Safety, Reliability, and the Limits of Agent Autonomy
4 / 5Agents are powerful and their failure modes are qualitatively different from chat AI. A chat model that hallucinates produces bad text. An agent that malfunctions can take consequential actions in the real world: sending wrong emails, deleting files, making API calls with financial implications.
This lesson is about understanding and managing those risks.
The Compounding Error Problem
In a chat interface, errors are isolated. One bad response does not affect the next.
In an agent, errors compound. If an early step produces wrong results, subsequent steps build on that wrong foundation. By the time the agent reaches its goal, the output may be deeply wrong in ways that are not obvious from the final result alone.
This means agent outputs require more careful validation than chat outputs, not less.
The Categories of Agent Risk
Irreversible actions Actions the agent takes that cannot be undone: deleting files, sending emails, making purchases, publishing content, executing transactions. Agents should require explicit human confirmation before taking irreversible actions.
Scope creep Agents that interpret their goal broadly may take actions beyond what was intended. A "clean up my inbox" instruction interpreted overly broadly could delete important emails.
Prompt injection If an agent reads external content (web pages, emails, documents) as part of its task, malicious content in that environment could manipulate the agent's behaviour. This is a genuine security vulnerability in production agents.
Infinite loops Agents can get stuck in loops — taking the same action repeatedly, or oscillating between two states. Resource limits and loop detection are essential.
Credential and permission abuse An agent with broad permissions (access to file system, email, APIs) can cause significant damage if it malfunctions or is manipulated.

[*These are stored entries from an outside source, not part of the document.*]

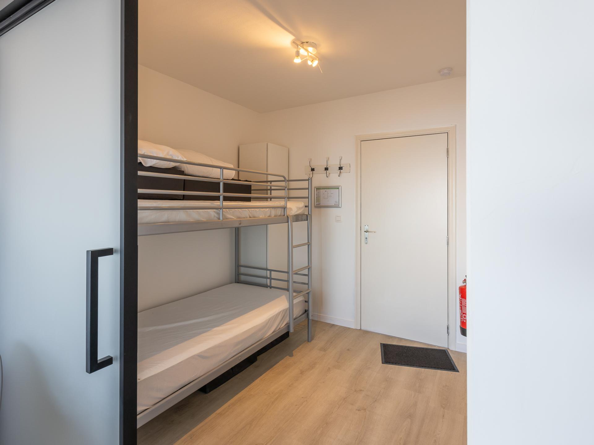 Gezellige studio op de 5e verdieping voor een ontspannen kustvakantie. Slaaphoek met stapelbed, ideaal voor kinderen of extra gasten. Woonkamer met kastbed voor 2 personen en slaapzetel voor 2 personen, met frontaal zeezicht. Volledig vernieuwde, ingerichte keuken met moderne voorzieningen. Vernieuwde badkamer met ligbad en toilet. Op wandelafstand van tramhalte en winkels.
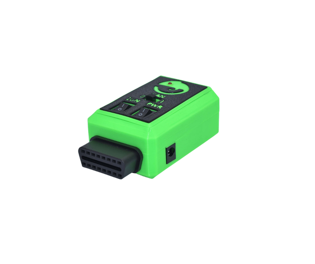 There is a power switch and power indication LED, a separate ignition switch, and a CAN resistor selector switch between 0R and 120R CAN resistors across the CAN signals.
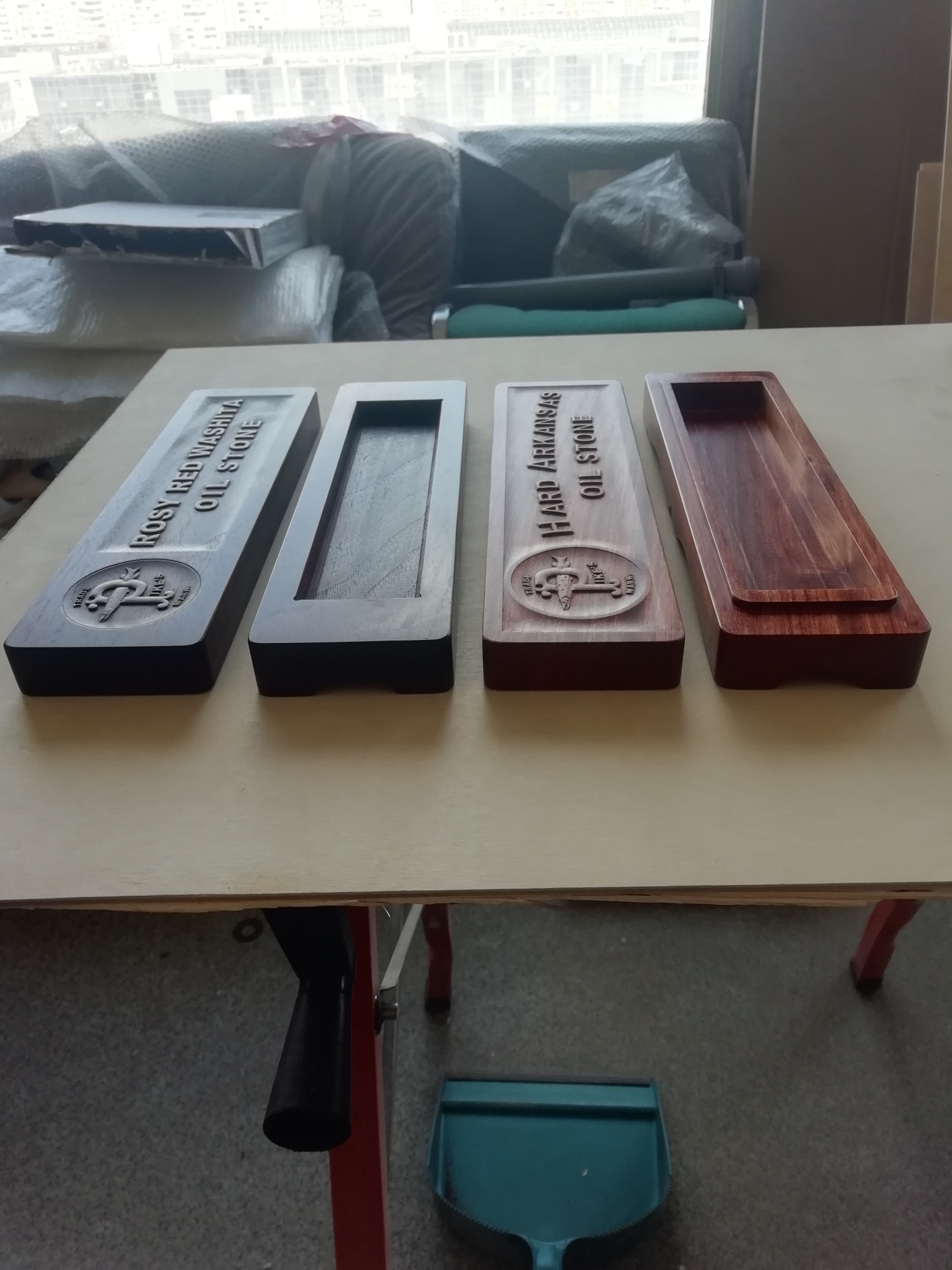 4 футляра для комрада, ныне отбывшего в Персию, для заточных камней в минималистическом исполнении, без украшательств, слева направо: 2 ясеня, сапели, черный орех кавказ (соответственно ЧФ, тюринг, вашита, япнат киита и тома+кома).
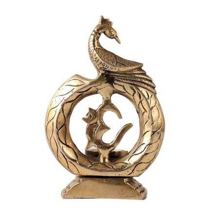 Handcrafted Traditional Golden Brass Peacock Oil Wick Diya With Om Design Diya Jyoti Deepam Temple Home Decoration SNE-138
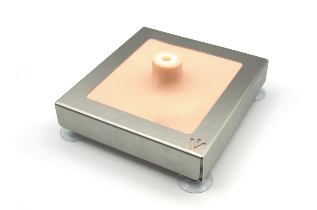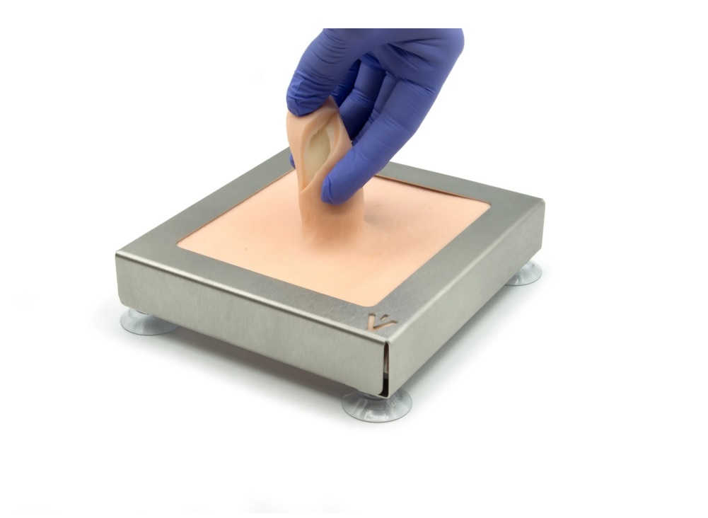 Tento dvouvrstvý model struku krávy lze použít k simulaci různých perforujících nebo povrchových poranění struku a k nácviku uzavírání poranění.
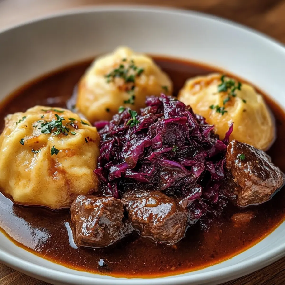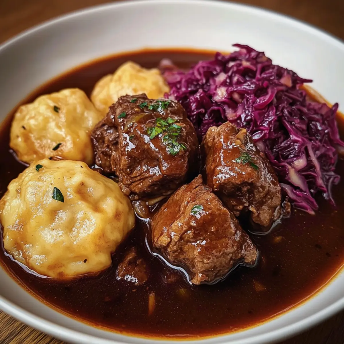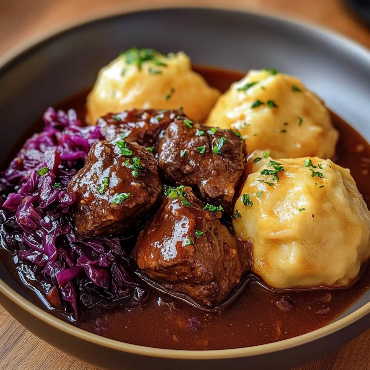 Bereiten Sie sich vor, diesen köstlichen Rinderschmorbraten mit Knödeln und Rotkohl zu genießen – ein wahres Festmahl der Deutschen Küche, das Ihnen viele Komplimente einbringen wird!
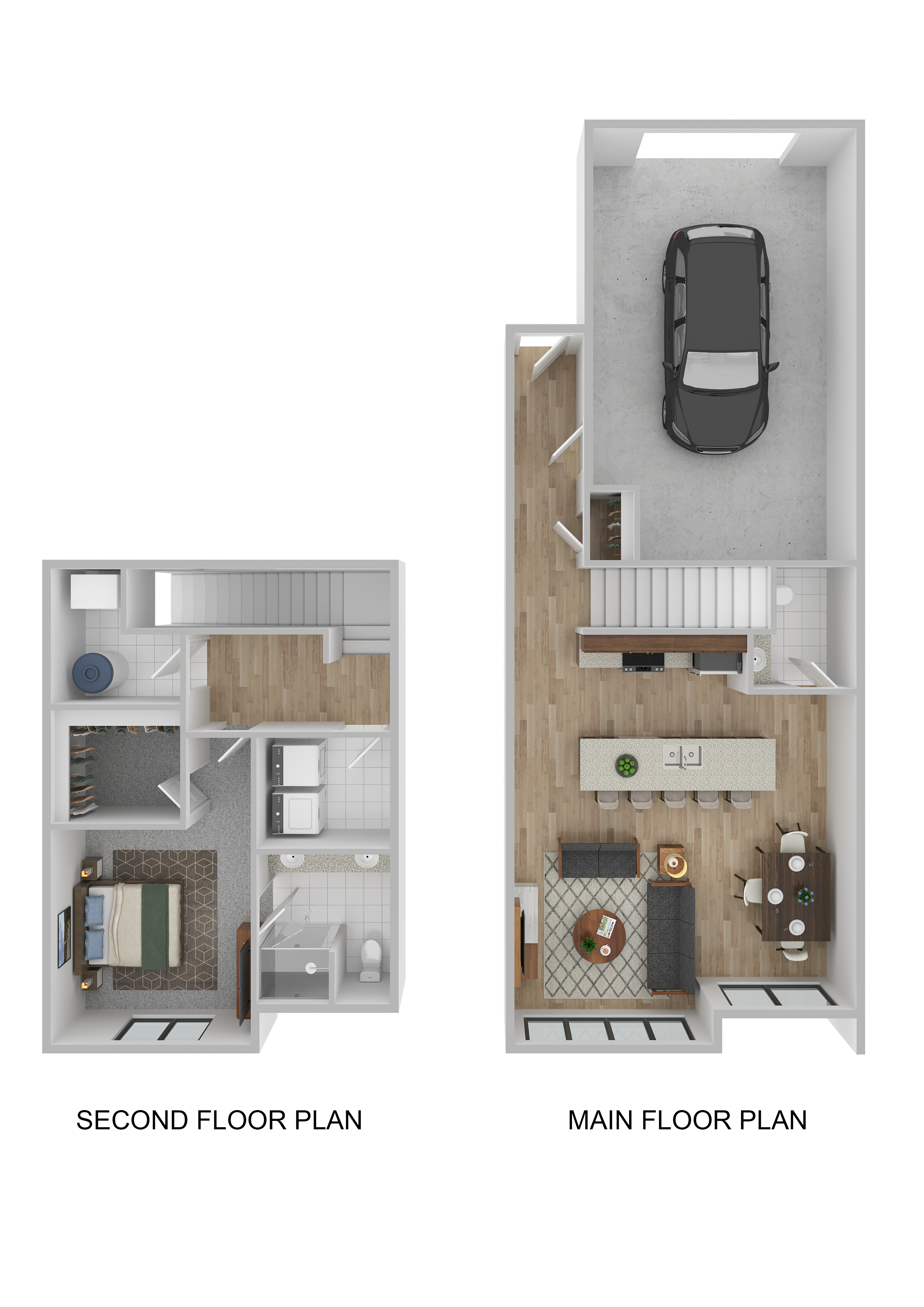 View Floorplans1, 2, and 3 bedroom townhome layouts.
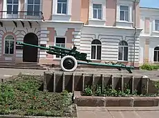 Біля приміщення встановлено технічний пам'ятний знак часів Другої світової війни — протитанкову гармату, а поруч споруджено стелу з переліком військових частин, які відзначилися у боях за Кіровоград у січні 1944 року, трохи в стороні поставили Пам'ятник невідомому солдатові[2].
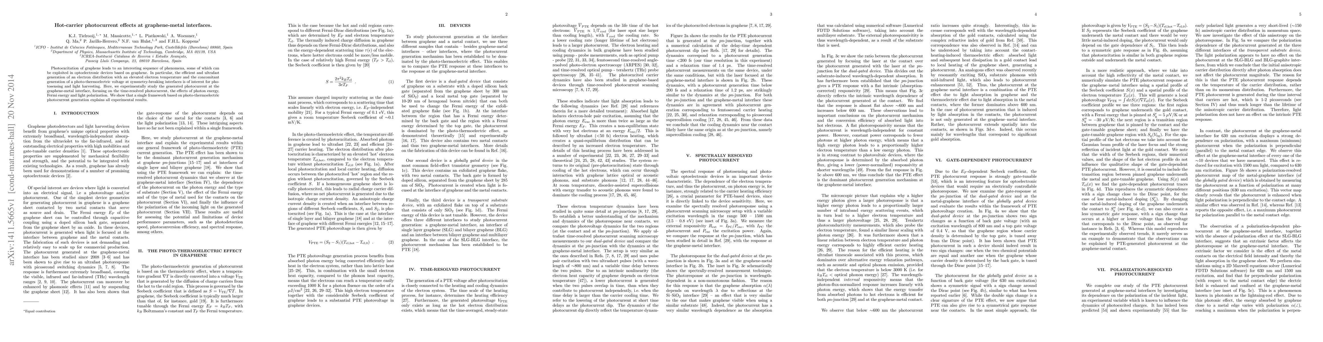 The paper presents a comprehensive experimental study on the photothermoelectric (PTE) photocurrent generation at graphene-metal interfaces, demonstrating a unified model that explains various experimental results.
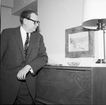Sam Cantey III, Executive Director of the Fort Worth Art Association, stands next to a Marin painting hung in Suite 850, Hotel Texas, prepared for a visit by President and Mrs. John F. Kennedy.
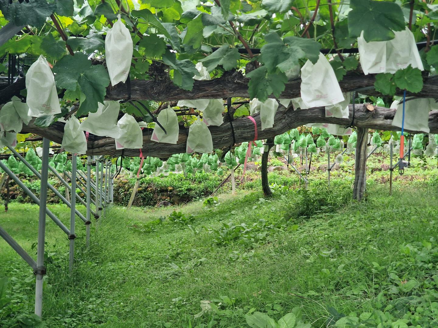 Chikuma, Nagano Prefecture, Japan: De pakker frukt i poser for å beskytte dem mot insekter og dyr.

Design Principles for Safer Agents
Minimum necessary permissions Grant agents only the permissions they need for the specific task. An email draft agent does not need file system access.
Confirmation before irreversible actions Pause and require human confirmation before any action that cannot be undone. Design this into the architecture, not as an afterthought.
Dry run mode Build a mode where the agent plans and describes what it would do without actually doing it. Review the plan before execution.
Audit logs Log every action the agent takes. You need to be able to reconstruct what happened when something goes wrong.
Sandboxed execution environments For agents that execute code, run in sandboxed environments that cannot affect systems outside the sandbox.
Hard limits on resource consumption Limit the number of steps, API calls, tokens consumed, or time elapsed before the agent must pause and report to a human.
The Current State of Agent Reliability
Be honest about the current maturity of agent technology:
- Agents work well for narrow, well-defined tasks with clear success criteria
- Agents are unreliable for open-ended tasks requiring significant judgment
- Multi-step agents fail more often than simple agents
- Production deployments require careful monitoring and fallback mechanisms
- The technology is improving rapidly, but current limitations are real
The organisations getting the most value from agents are those that deploy them narrowly, monitor them closely, and maintain human oversight of consequential decisions.